- Born: July 4, 1896 Buffalo, New York
- Died: May 5, 1966 (aged 69) Miami, Florida
- Occupations: journalist, poet
- Partner(s): Graeme Davis Khagendrenath Ghose
- Writing career
- Period: 1900s-1940s
- Notable work: Les Mouches Fantastiques

= Roswell George Mills =

Canadian journalist, poet and magazine publisher

Roswell George Mills (1896 - 1966) was a Canadian journalist, poet and magazine publisher. A friend and colleague of poet Elsa Gidlow, he is the first known gay man in Canadian history whose life and sexual orientation is attested through biographical literature rather than court records of a sodomy trial.

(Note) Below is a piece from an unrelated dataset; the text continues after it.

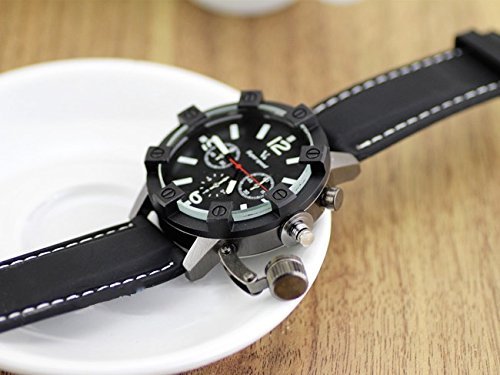 -. Feature : イミテーションクロノグラフがかっこいいアナログ腕時計 / 文字盤サイズ:45mm×45mm 厚:14mm ベルト幅:20mm 腕周:25.0cm調節可能 / 機能:生活防水30メートル / 材質:ステンレス、ゴムベルト / ムーブメント:クオーツ
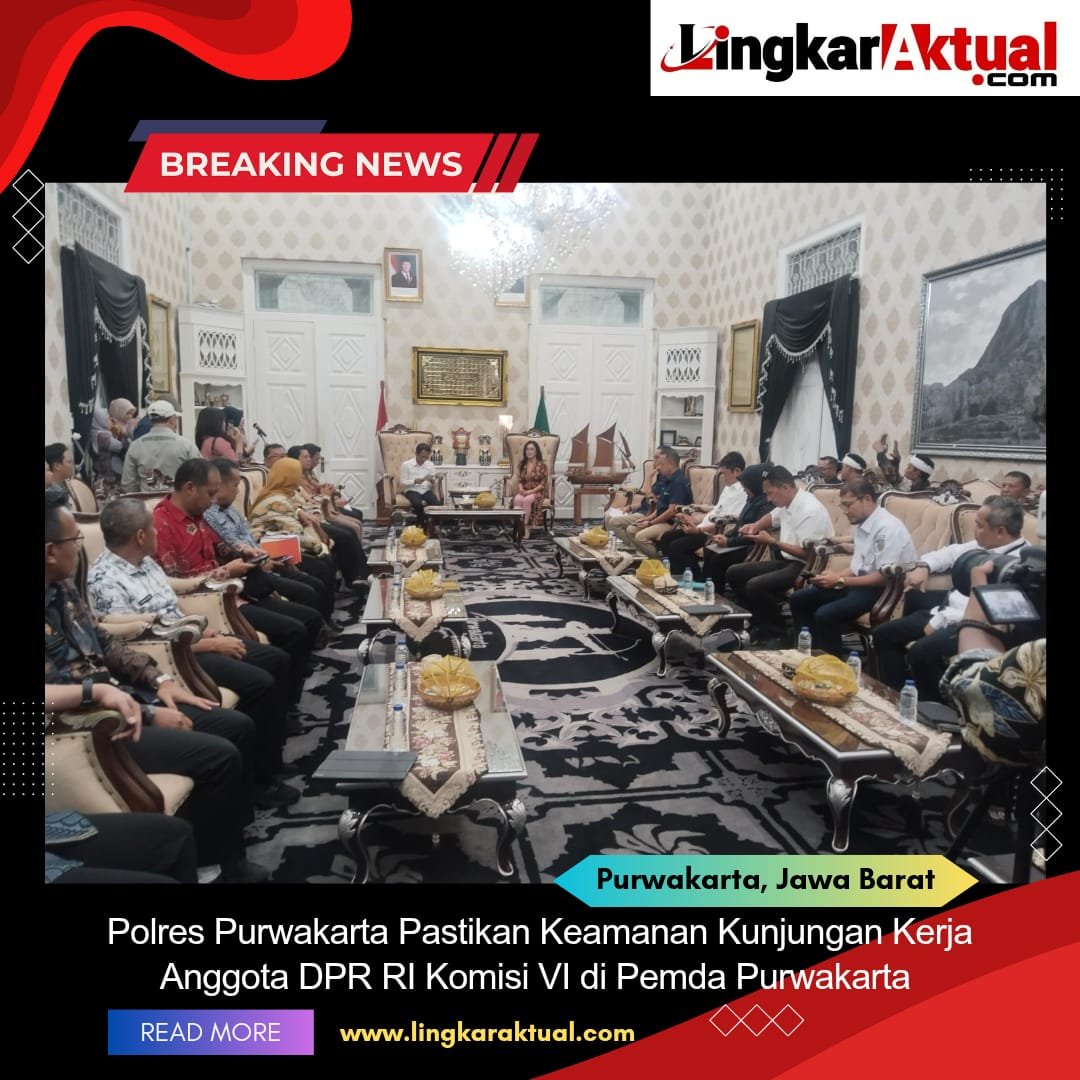 PURWAKARTA, Jawa Barat || LINGKARAKTUAL.COM || Polres Purwakarta melaksanakan pengamanan dan monitoring dalam kegiatan Rapat Koordinasi dan Kunjungan Kerja Anggota DPR RI Komisi VI, Dr. Rieke Diah Pitaloka Intan Purnamasari, yang berlangsung di Bale Nagri Setda Kabupaten Purwakarta, Pada Kamis, 15 Mei 2025

Born in Buffalo, New York, on July 4, 1896, Mills moved to Montreal, Quebec, in childhood with his family.

In early adulthood Mills worked as a journalist for the Montreal Star, where his byline appeared on the financial pages and as a theatre and opera critic. He also wrote a women's column under the pseudonym "Jessie Roberts". He and Gidlow met at a poetry club. According to Gidlow,

He was beautiful. About nineteen, exquisitely made up, slightly perfumed, dressed in ordinary men's clothing but a little on the chi-chi side. And he swayed about, you know. We became friends almost instantly because we were both interested in poetry and the arts.

Mills was open about his sexuality and considered it a personal crusade to make people "understand that it was beautiful, not evil, to love others of one's own sex and make love with them." Between 1918 and 1920 Mills and Gidlow collaborated on the underground magazine Les Mouches fantastiques, Canada's first known LGBT publication. Mills published several poems in the magazine. An Episcopalian priest from South Dakota, Graeme Davis, took leave from his church posting and moved to Montreal to become Mills' lover after discovering the magazine.

Mills also gave piano lessons.

Mills followed Gidlow in the early 1920s to New York City, where he took a job in the financial section of the Oil, Paint, and Drug Reporter. He soon ended his relationship with Davis and moved in with Khagendrenath Ghose, an immigrant from India. He subsequently lost contact with Gidlow for a number of years, although they met again in Paris in 1928, where Mills was living with a German architecture student named Jurgen. Mills, Gidlow and Jurgen all travelled to Berlin in 1929, discovering the city's burgeoning gay subculture and touring Magnus Hirschfeld's Institute for Sex Research. Gidlow later moved back to the United States while Mills remained in Europe, although the two continued to correspond.

By 1943, Mills was again living in New York City and working for The Brooklyn Eagle. By 1961 he was living in Miami, Florida, where he died on May 5, 1966.